## WHAT YOU NEED TO DO
With the line containing "tot op de kuit" as the final line, restate exactly every line of the data below from the first one onward, and copy no pictures.

RAW DATA below:

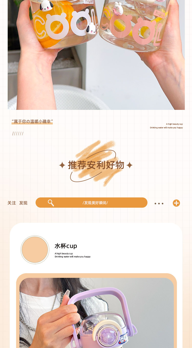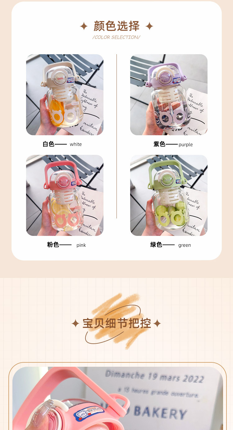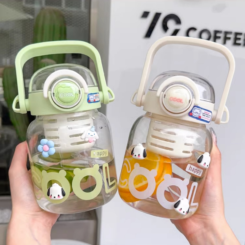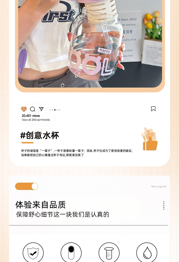 花茶玻璃杯夏季女生高颜值大肚吸管杯1000ml创意学生杯子茶水分离
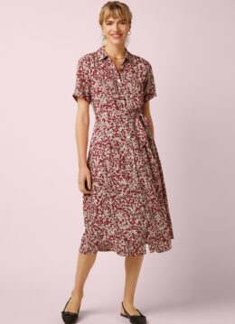 “Buttoned up, blooming bright!” Deze midi doorknoopjurk is speels én vrouwelijk dankzij de top met puntig kraagje, korte mouwen en het afneembare striklint dat je taille prachtig accentueert. Ze is uitgevoerd in een heerlijk soepele, rode EcoVero viscosemix (stretcht niet) en voorzien van een prachtige bloemenprint in crème en zwart — een echte eyecatcher voor elke dag. * Midi model * Doorknoopjurk * Puntig kraagje * Korte mouwen * Afneembare strikband voor een extra ‘snatched’ taille * It has pockets! * Reikt bij een lengte van 1,70 m tot op de kuit
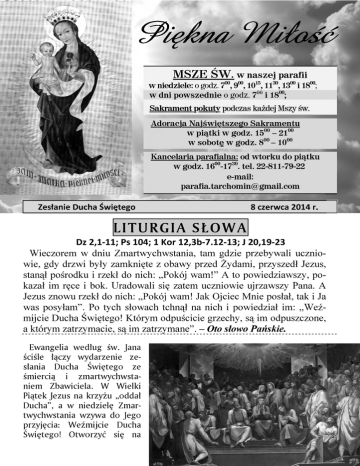 MSZE SW. w naszej parafii w niedziele: o godz. 7 , 9 , 1015, 1130, 1300 i 1800; w dni powszednie o godz. 7 i 18200. 00 00 Sakrament pokuty podczas każdej Mszy św. | Adoracja Najświętszego Sakramentu w piątki w godz. 1500 - 2100 w sobotę w godz. 800 - 1000 Kancelaria parafialna: od wtorku do piątku w godz. 1600-1730. tel. 22-811-79-22 e-mail: [email protected] Zesłanie Ducha Świętego 8 czerwca 2014 r. LITURGIA SŁOWA Dz 2,1-11; Ps 104; 1 Kor 12,3b-7.12-13; J 20,19-23 Wieczorem w dniu Zmartwychwstania, tam gdzie przebywali uczniowie, gdy drzwi były zamknięte z obawy przed Żydami, przyszedł Jezus, stanął pośrodku i rzekł do nich: „Pokój wam!" A to powiedziawszy, pokazał im ręce i bok. Uradowali się zatem uczniowie ujrzawszy Pana. A Jezus znowu rzekł do nich: „Pokój wam! Jak Ojciec Mnie posłał, tak i Ja was posyłam". Po tych słowach tchnął na nich i powiedział im: „Weźmijcie Ducha Świętego! Którym odpuścicie grzechy, są im odpuszczone, a którym zatrzymacie, są im zatrzymane". - Oto słowo Pańskie. Ewangelia według św. Jana ściśle łączy wydarzenie zesłania Ducha Świętego ze śmiercią i zmartwychwstaniem Zbawiciela. W Wielki Piątek Jezus na krzyżu „oddał Ducha", a w niedzielę Zmartwychwstania wzywa do Jego przyjęcia: Weźmijcie Ducha Świętego! Otworzyć się na • Ducha Świętego to poddać się Jego wyzwalającej mocy: uwierzyć w niestrudzoną Bożą miłość i zacząć nią żyć. To dać się ponieść, zamiast iść pod wiatr. Doświadczając działania Ducha Świętego, przestajemy narzekać na życie i męczyć się rytualną religijnością, a stajemy się tym, kim mamy być z natury: dziećmi Boga i braćmi dla siebie. ks.Jarosław Januszewski, Oremus SEKWENCJA Przybądź Duchu Święty, Ześlij z nieba wzięty Światła Twego strumień. Przyjdź, Ojcze ubogich, Przyjdź, Dawco łask drogich, Przyjdź, Światłości sumień. O, najmilszy z gości, Słodka serc radości, Słodkie orzeźwienie. W pracy Tyś ochłodą, W skwarze żywą wodą, W płaczu utulenie. Światłości najświętsza, Serc wierzących wnętrza Poddaj Twej potędze. Bez Twojego tchnienia, Cóż jest wśród stworzenia? Jeno cierń i nędze. Obmyj co nieświęte, Oschłym wlej zachętę, Ulecz serca ranę. Nagnij, co jest harde, Rozgrzej serca twarde, Prowadź zabłąkane. Daj Twoim wierzącym, W Tobie ufającym, Siedmiorakie dary. Daj zasługę męstwa, Daj wieniec zwycięstwa, Daj szczęście bez miary. ZESŁANIE DUCHA ŚWIĘTEGO Pięćdziesiątego dnia po swoim zmartwychwstaniu Pan Jezus zesłał Ducha Świętego na Maryję i Apostołów zgromadzonych w Wieczerniku, wypełniając tym samym swoją obietnicę: "Gdy przyjdzie Duch Pocieszyciel, którego Ja wam poślę od Ojca, Duch Prawdy, który od Ojca pochodzi, On będzie świadczył o Mnie" (J 15, 26). W dniu Pięćdziesiątnicy Kościół, ożywiony Duchem Świętym, rozpoczyna przepowiadanie radosnej nowiny o zbawieniu wszystkim narodom. Zielone Świątki, bo tak brzmi popularna nazwa dzisiejszej uroczystości, to jedno z najstarszych świąt Kościoła, obchodzone już w czasach apostol- skich. Dzień ten posiadał wtedy praktycznie tę samą rangę, co uroczystość Paschy. W pierwszych wiekach w wigilię tego święta udzielano chrztu katechumenom. W średniowieczu istniał zwyczaj rzucania z sufitu kościoła, w trakcie odprawiania Mszy świętej, róż i innych kwiatów symbolizujących dary Ducha Świętego. W bazylikach i katedrach w czasie uroczystości wypuszczano z klatek gołębie: symbol Ducha Świętego. Kościół przypomina, że Pięćdziesiątnica jest wypełnieniem i zakończeniem Świąt Paschalnych. Duch Święty - Nowe Życie w Chrystusie - był celem całej działalności Chrystusa. Zgodnie z obiet- nicą, po wywyższeniu Chrystusa na drzewie krzyża, gdy dostęp do Ojca został otwarty, a dziecięctwo Boże stało się rzeczywistością, posłany zostaje Duch Ojca i Syna, by prowadził dalej dzieło Jezusa. Za pobożne, publiczne odmówienie lub odśpiewanie całego hymnu: "O Stworzycielu Duchu, przyjdź..." można dziś dostąpić odpustu zupełnego, pod zwykłymi warunkami. SW. JAN PAWEŁ II POWIEDZIAŁ Św. Łukasz opisuje Pięćdziesiątnicę jako teofanię, objawienie się Boga, podobne do objawienia na górze Synaj (Wj 19, 16-25): głośny szum, gwałtowny wicher, ogniste języki. Przesłanie jest jasne: Pięćdziesiątnica to nowy Synaj, Duch Święty to nowe przymierze, to dar nowego prawa. Bardzo wnikliwie opisuje ten związek św. Augustyn: «Bracia, jest to wielka i wspaniała tajemnica: zwróćcie uwagę, że w dniu Pięćdziesiątnicy (Żydzi) otrzymali prawo napisane palcem Bożym i w tym samym dniu Pięćdziesiątnicy zstąpił Duch Święty» (Ser. Mai 158, 4). Natomiast jeden z Ojców Wschodu, Sewerian z Gabali, zauważa: «Było rzeczą słuszną, aby w tym samym dniu, w którym zostało przekazane stare prawo, została też dana łaska Ducha Świętego» (Cat. in Act. Apost. 2, 1). W ten sposób wypełnia się obietnica złożona ojcom. Czytamy u proroka Jeremiasza: «Takie będzie przymierze, jakie zawrę z domem Izraela po tych dniach: Umieszczę swe prawo w głębi ich jestestwa i wypiszę na ich sercu» (Jr 31, 33). A u proroka Ezechiela: «dam wam serce nowe i ducha nowego tchnę do waszego wnętrza, odbiorę wam serce kamienne, a dam wam serce z ciała. Ducha mojego chcę tchnąć w was i sprawić, byście żyli według mych nakazów i przestrzegali przykazań, i według nich postępowali» (Ez 36, 26-27). W jaki sposób Duch Święty ustanawia nowe i odwieczne przymierze? Usuwając grzech i rozlewając w sercu człowieka miłość Bożą: «prawo Ducha, które daje życie w Chrystusie Jezusie, wyzwoliło cię spod prawa grzechu i śmierci» (Rz 8, 2). Prawo Mojżeszowe nakładało obowiązki, ale nie mogło przemienić serca człowieka. Potrzebne było nowe serce i takie właśnie serce ofiarowuje nam Bóg dzięki odkupieniu dokonanemu przez Jezus

End of RAW DATA.

## TASK SOLUTION
 花茶玻璃杯夏季女生高颜值大肚吸管杯1000ml创意学生杯子茶水分离
 “Buttoned up, blooming bright!” Deze midi doorknoopjurk is speels én vrouwelijk dankzij de top met puntig kraagje, korte mouwen en het afneembare striklint dat je taille prachtig accentueert. Ze is uitgevoerd in een heerlijk soepele, rode EcoVero viscosemix (stretcht niet) en voorzien van een prachtige bloemenprint in crème en zwart — een echte eyecatcher voor elke dag. * Midi model * Doorknoopjurk * Puntig kraagje * Korte mouwen * Afneembare strikband voor een extra ‘snatched’ taille * It has pockets! * Reikt bij een lengte van 1,70 m tot op de kuit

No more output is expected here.